TAGs relate a specific area of a JPG image to data objects in Arctos.
Comments in TAGs may contain a very specific (and currently very limited) type of markup language in order to form links to specimens in Arctos. This can be useful for negative references: “this area on the field notes probably does NOT refer to that specimen, possible because someone’s mixed some numbers up somewhere along the way.” To create a link from a comment TAG to a specimen, simply type doubled square brackets around the GUID-string. Example:
forms a HTML-link to http://arctos.database.museum/guid/MVZ:Mamm:184092
URLs and Stability
Arctos provides several URLs to media objects. It it important to know which to use in any particular situation.
Detail URL: (http://arctos.database.museum/media/10002230)
This is a “fairly permanent” (a decade?) link to the Media Detail page. This link should continue to work as long as Arctos is at the same URL and running under the HTTP protocol. Suitable for any maintained online link; DOI is perhaps a better choice for paper or PDF archives.
“Stable Exit link” ( (http://arctos.database.museum/media/10002230?open)
Append “?open” (or “?open=true”) to the detail_url; logs the request and redirects to media_URI. This is a “fairly permanent” (a decade?) link to the Media URI. Logging is enabled. This link should continue to work as long as Arctos is at the same URL and running under the HTTP protocol, and the media itself is maintained. Suitable for any maintained online link. DOI is perhaps a better choice for paper or PDF archives.
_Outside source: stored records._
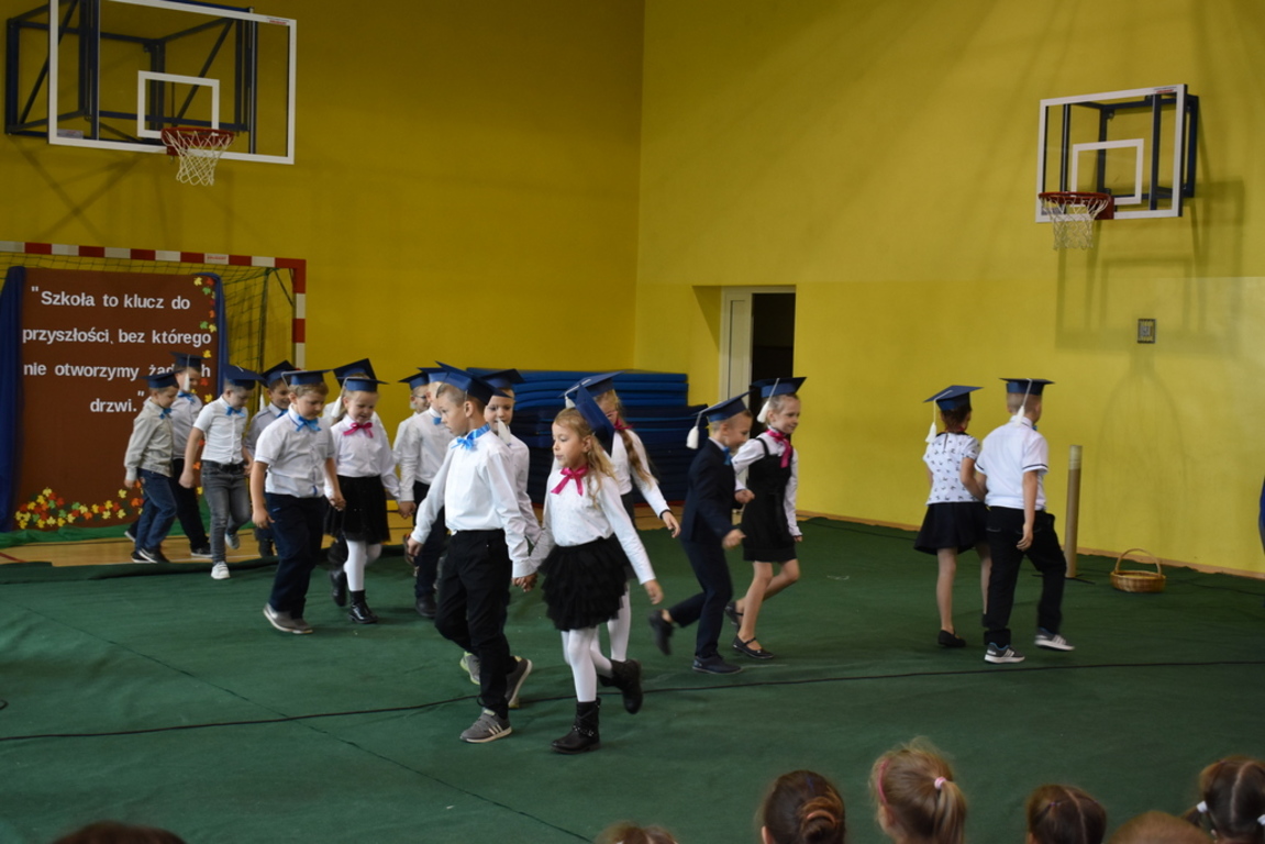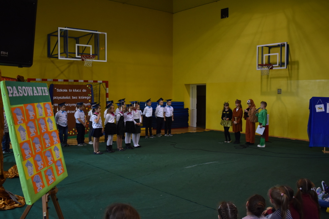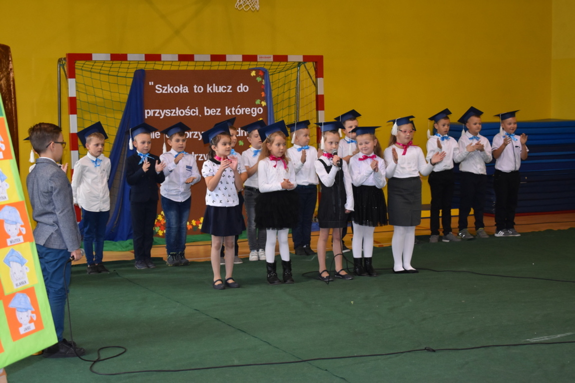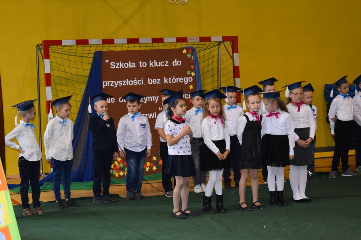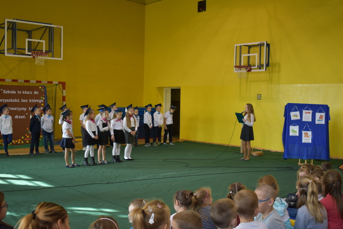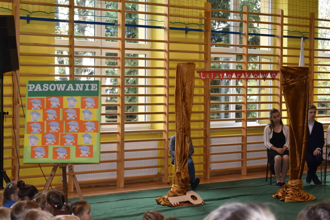 Kiedy nadszedł moment rozpoczęcia uroczystości, uczennica klasy szóstej Anna Wawrzyniak powitała serdecznie dyrekcję, rodziców, nauczycieli, uczniów, a szczególnie klasę pierwszą, której "oddała głos". Dzieci w przygotowanej scenerii zaprezentowały swoje umiejętności aktorskie przedstawiając inscenizację pt. "W Literkowie". Podczas przedstawienia otrzymali mnóstwo prezentów od koleżanek i kolegów z klasy trzeciej, a tym samym byli gotowi wejść do LITERKOWA, gdzie zaprosił ich Pan Alfabet. Po burzy oklasków, w odświętnych strojach, w kolorowych biretach na głowach pierwszacy błysnęli talentem. Znajomość przepisów ruchu drogowego, pięknie zaśpiewane piosenki, przyjaźń i koleżeństwo w grupie rówieśniczej to dowód, że dzieci są gotowe do sumiennej pracy w szkole.
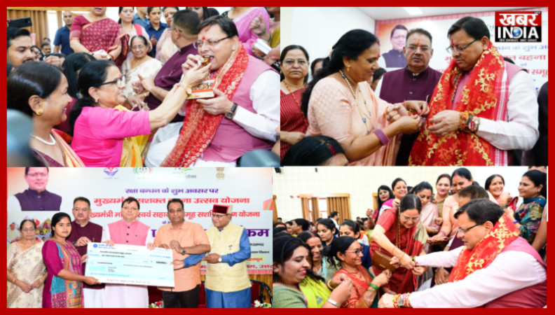 देहरादून, खबर न्यू इंडिया (न्यूज़ डेस्क) : मुख्यमंत्री पुष्कर सिंह धामी ने रक्षाबंधन के अवसर पर शुक्रवार को मुख्यमंत्री आवास में ’मुख्यमंत्री सशक्त बहना उत्सव योजना’ एवं मुख्यमंत्री महिला स्वयं सहायता समूह सशक्तिकरण योजना के अन्तर्गत राज्य स्तरीय कार्यक्रम में प्रतिभाग किया। इस अवसर पर मुख्यमंत्री ने चार जनपदों से आए प्रतिभागियों में से 10 सहायता समूह को रिवॉल्विंग फण्ड के रूप में 25-25 हजार रुपये, 10 समूह को सीआईएफ के रूप में 75-75 हजार रुपये एवं सीसीएल के रूप 1 लाख 50 हजार रुपये की धनराशि के चेक प्रदान कर उन्हें सम्मानित किया। इस अवसर पर प्रदेश के विभिन्न क्षेत्रों से आई महिलाओं ने मुख्यमंत्री को रक्षा सूत्र बांधा तथा उनके दीर्घायु की कामना की।
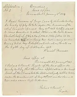 Although the land was cheap or free, many homesteaders did not last five years because of the blizzards, drought, disease, plagues of locusts, and loneliness on the open prairies.[2] January 1, 1863, was the day the Homestead Act went into effect. Freeman may have been a scouter for the Union Army, and he said that he was leaving for St. Louis that morning for military duty. Freeman persuaded a clerk to open the land office just after midnight so he could file his claim.
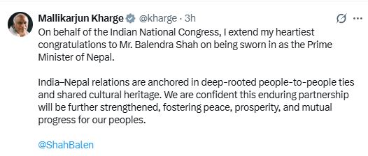 खड्गेले लेखेका छन्, ‘भारतीय राष्ट्रिय कांग्रेसको तर्फबाट, म श्री बालेन्द्र शाहलाई नेपालको प्रधानमन्त्रीको रूपमा शपथ ग्रहण गरेकोमा हार्दिक बधाई व्यक्त गर्दछु।’
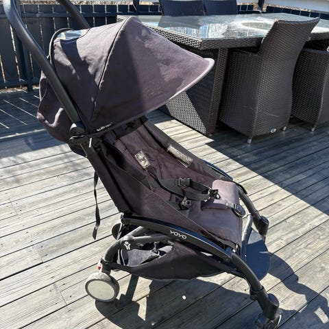 BABYZEN Yoyo barnevogn i sort farge. Kompakt og lett design med justerbar ryggstøtte og fempunktssele. Utstyrt med originalt regntrekk, og med oppbevaringspose til vognen. oppbevaringskurv under setet, ned et lite slitasje hull (se bilde) men påvirker ikke bruken (er et orginal hull som skal være der på samme størrelse.

This link is a suitable DOI target.
DOIs should be (50-year-plus) permanent; they (with proper curatorial commitment) will survive the material moving out of Arctos, the deprecation of the HTTP protocol, and other imaginable changes. Not all material in Arctos has a DOI, but Operators may assign DOIs by request.
Links of this format trigger application-level logging and then redirect to the media URI. These links are as stable as the Media URI, but trigger local usage logging which helps us pay to maintain and create content for Arctos. (This approach is necessary because Arctos Media may be located anywhere, including servers over which we have no control.)
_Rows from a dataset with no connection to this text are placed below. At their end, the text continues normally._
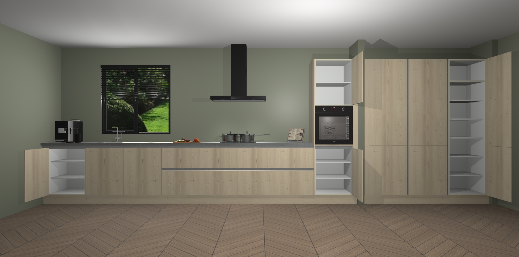 Dankzij de afwerking past de Vuren greeploze keuken Angola naadloos in elk huis of appartement. De soft-close deuren geven je extra gemoedsrust, want ze sluiten vanzelf en slaan nooit dicht! En alsof dat nog niet genoeg is, worden deze kasten volledig gemonteerd geleverd, dus maak je geen zorgen over eventuele installatieproblemen.
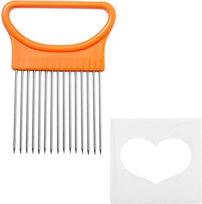 Poignée pratique pour couper les oignons. Les pointes des aiguilles en acier et la poignée confortable permettent de couper l’oignon en fines lamelles. Un capuchon de sécurité supplémentaire évite les blessures accidentelles lors du rangement.
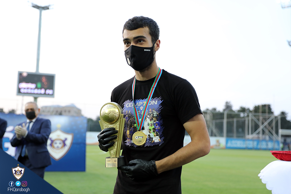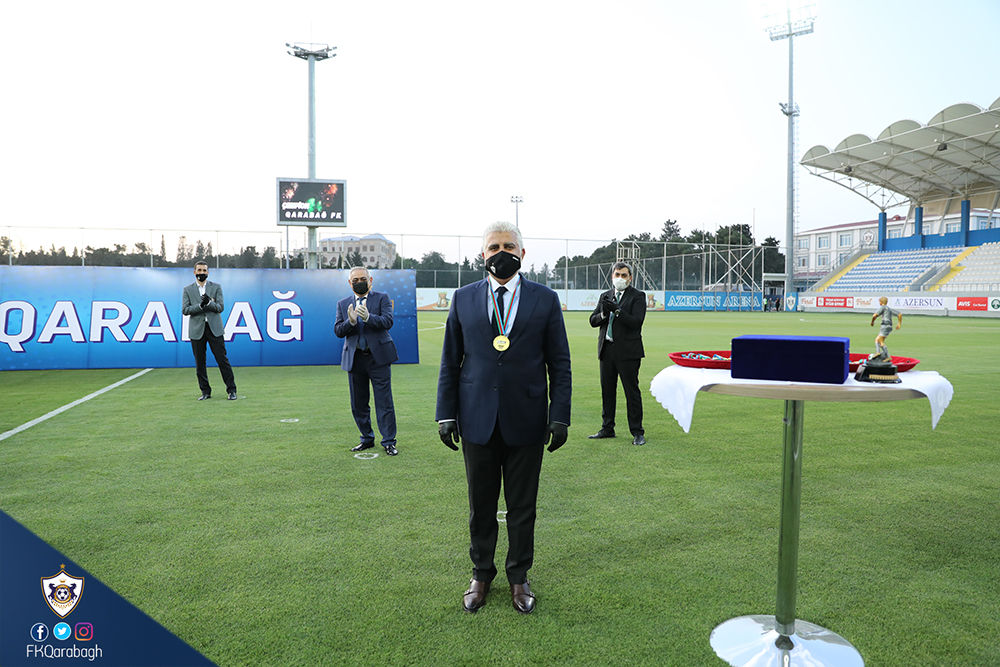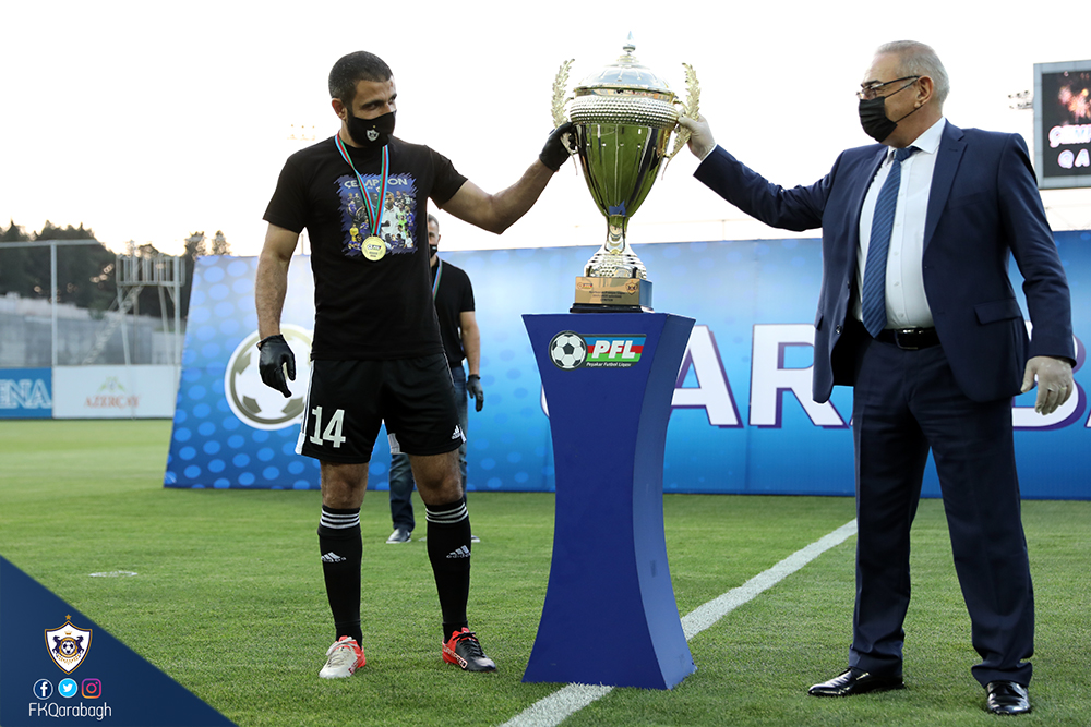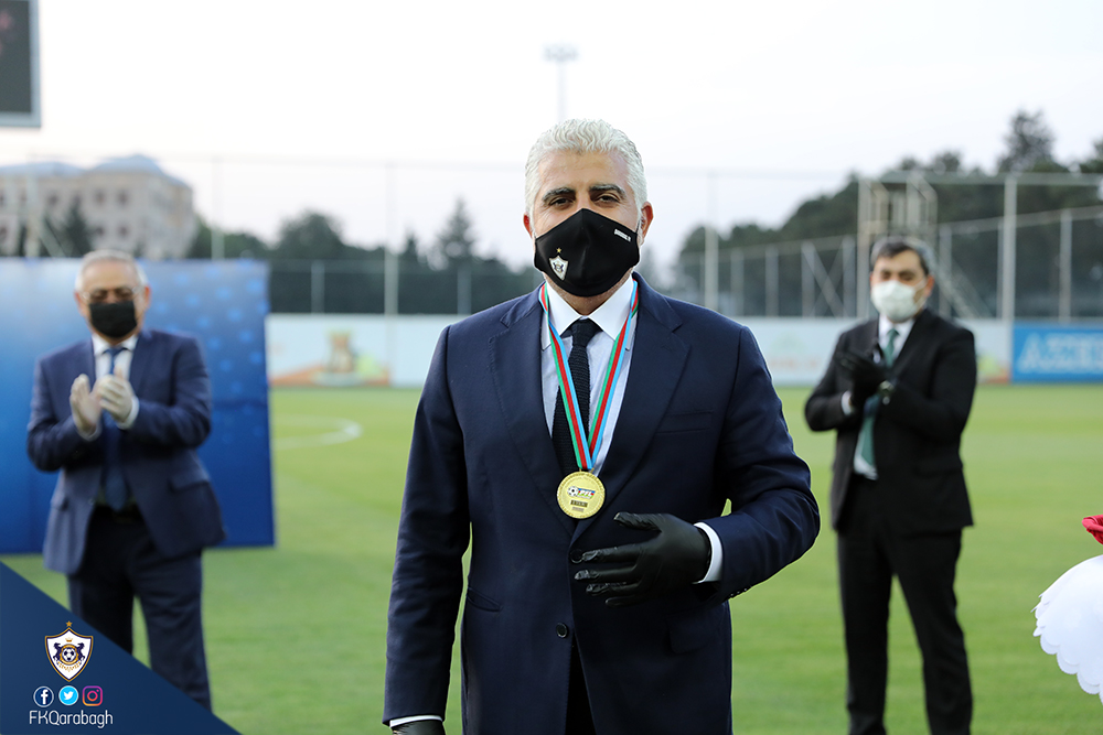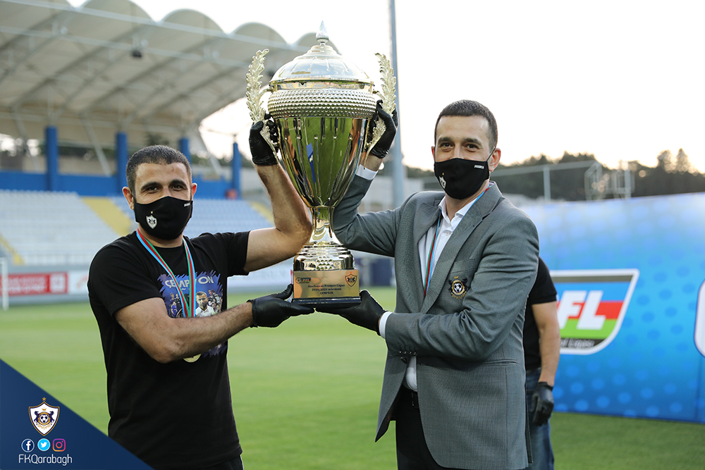 Bir neçə gün öncə Azərbaycan çempionluğunu rəsmiləşdirən Qarabağ Futbol Klubu bugün mükafatına qovuşub. Dünyada tüğyan edən Covid-19 pandemiyası ilə əlaqədar olaraq kütləvi tədbirlərin həyata keçirilməsi uyğun olmadığından komandamızın kuboku və medalları sadə mərasimlə təqdim olunub.
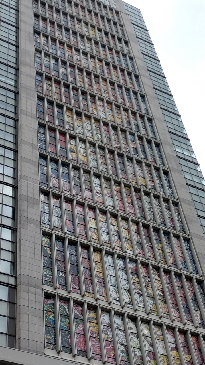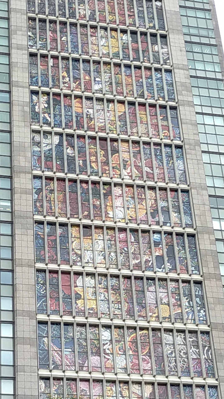 ビルの窓に施されたアートなので近くでゆっくりと鑑賞することはできませんが、スケールの大きさにびっくりしました。

The link to the binary. These do NOT fire application-level logging, come with no stability guarantees, and should not be used for most purposes.
All Media stored at TACC is publicly available, and may appear in various search engines or linked from various places in Arctos. TACC will not host restricted-access Media. Media may be made private by controlling access to the content; use a private password-protected server, a password-protected Google document, archived in a password-protected ZIP file, etc.